Hours melted into hours. Day, night had no separate meaning. As a small company we had to struggle to survive and miraculously we were given a research project. A project to create Ghat signages for Varanasi. We were elated. But the euphoria of course was short-lived. Books couldn’t be couriered, libraries were closed, we couldn’t travel to the city. How were we supposed to complete our project? A frantic scramble over phone diaries got us connected with scholars like Rana PB Singh and journalists of repute who helped us to get started. We traveled through our mind’s eyes pouring over hundreds of pages of scanned material. We traveled across the timeline and felt liberated even when trapped within the four walls. Mythology, history, politics and culture of Varanasi coloured my days and nights.
A human mind is a fantastic piece of creation. Somewhere I had read a long time back that when stretched, supposedly it can go to the moon and come back. Literal? Metaphorical? Let’s not contest. But ironically, when we were physically trapped, our minds started whirling. Journeying.
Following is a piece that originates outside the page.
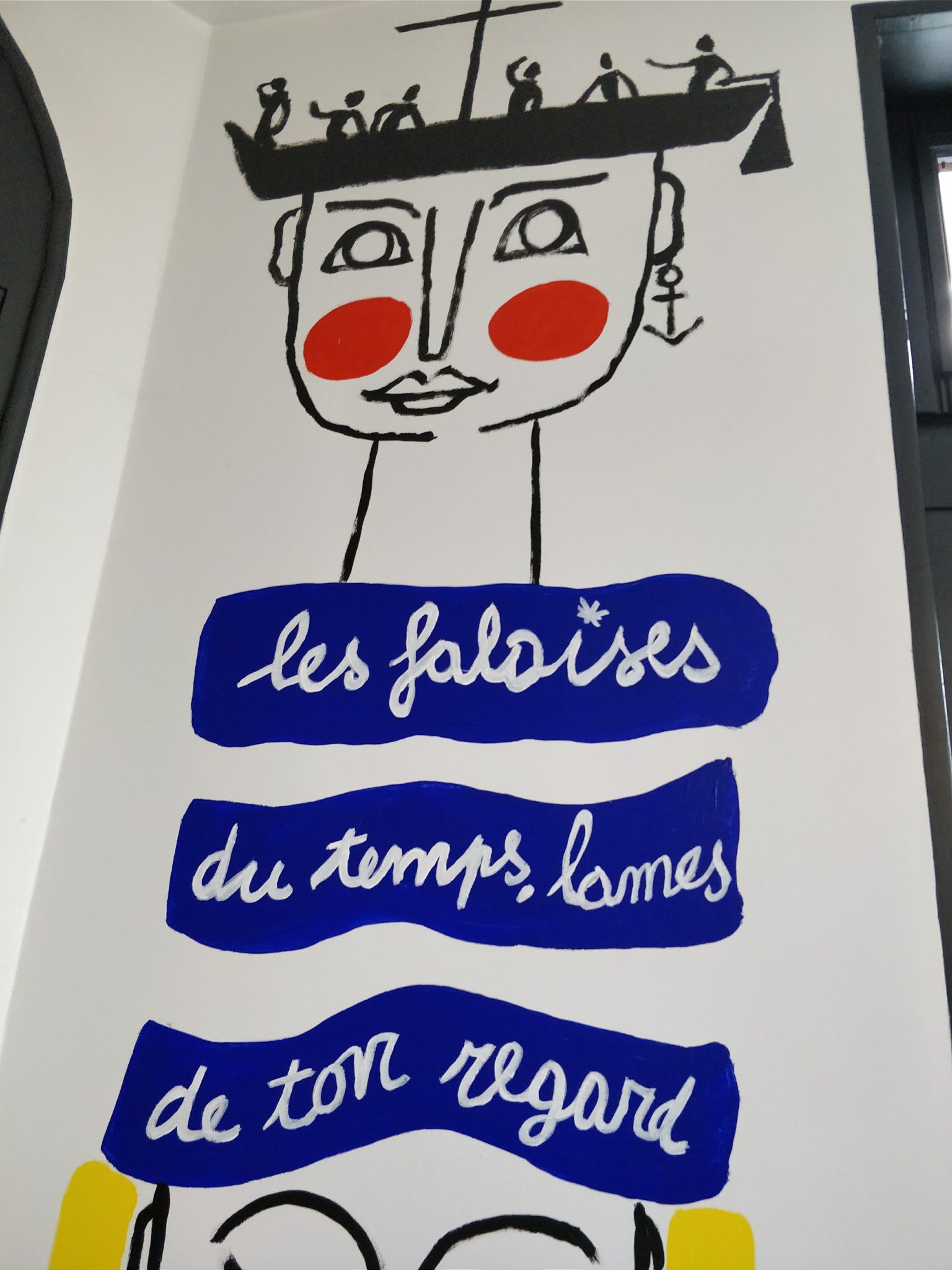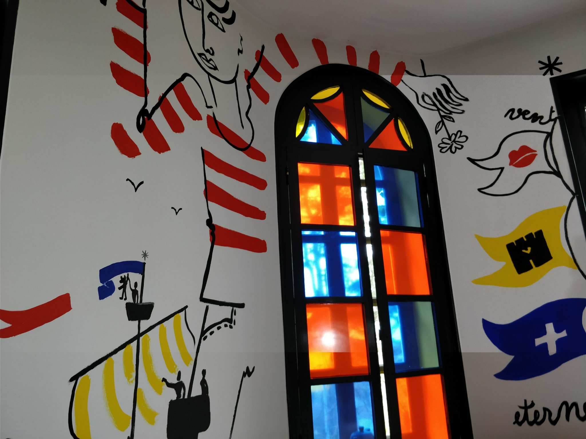 Intitulée « Dans le sillage de deux mains », la fresque reprend la gamme de tons minimalistes de base, rouge, jaune et bleu, chère à Jean-Charles de Castelbajac. Une inspiration graphique puisée dans les souvenirs de l’artiste.

I who hated anything digital and whose brains came to a lockdown when approached by a screen had to re-adjust, re-learn and re-fashion. Within a week of the lockdown, I, along with the company I worked for, ideated a digital festival. A festival of storytelling. Hundreds of people came together. As audience, as storytellers. It kept growing. Over phones we connected to folk artists who negotiated with Facebook and phone screens for the first time. Seated in Manhattan, one could hear the beats of a runja artist from an unknown village of Telengana. Such was the power of the internet. We connected to celebrities like Adil Hussain, Mir, Indira Varma (GOT fame) and were chatting with them about the perils of lockdown like long lost friends. Because, all of us were in that same boat. All were reaching out with the same need. A need to connect. Logon Ka Folk Log, a digital storytelling festival connected 5 lakh hearts. Today, I can proudly say it was my baby. An idea that germinated out of a locked down artist’s mind.
And that’s when I realised creativity cannot be locked down. I realised that the human body is a cage but the mind is a bird which is like Phoenix. It can rise again and again from any ash it is reduced to. And I started dancing. Practicing. The drawing room became my stage. The curtains were my backdrop. The screen was my audience. Choreography had to be re-imagined to suit the new proscenium. Angles had to be flattened. Diagonals had to be straightened. We re-aligned ourselves yet again. We moved from temple to proscenium to camera.
And today, when we all emerge out of that year of learning, tottering back to normalcy I can only say I carry with me the lessons to be grateful. The lessons to realise I am Hercules. Lessons that my mind dances as much as my body. The lessons to understand in the words of one of my favourite novelists, “Nothing Lasts Forever”.
Arupa Lahiry is a well-known Bharatanatyam Dancer and is empanelled with the Indian Council of Cultural Relations (ICCR), Doordarshan, Delhi and Ministry of Culture, Government of India. She has toured all over the world in capacity of a dancer, teacher, choreographer and director. An MPhil in English, Arupa has been awarded two prestigious fellowships, by the TATA Group (2013-14) and also from the Ministry of Culture(2017-19: Junior Fellowship) to work on various aspects of Bharatanatyam and Indian art.
Arupa takes pride in being part of SPICMACAY and CCRT and taking her art to all the nooks and corners of India. Currently, she is also the head content strategist for Folklogue Studios, spearheading various projects which are socially, culturally and historically relevant.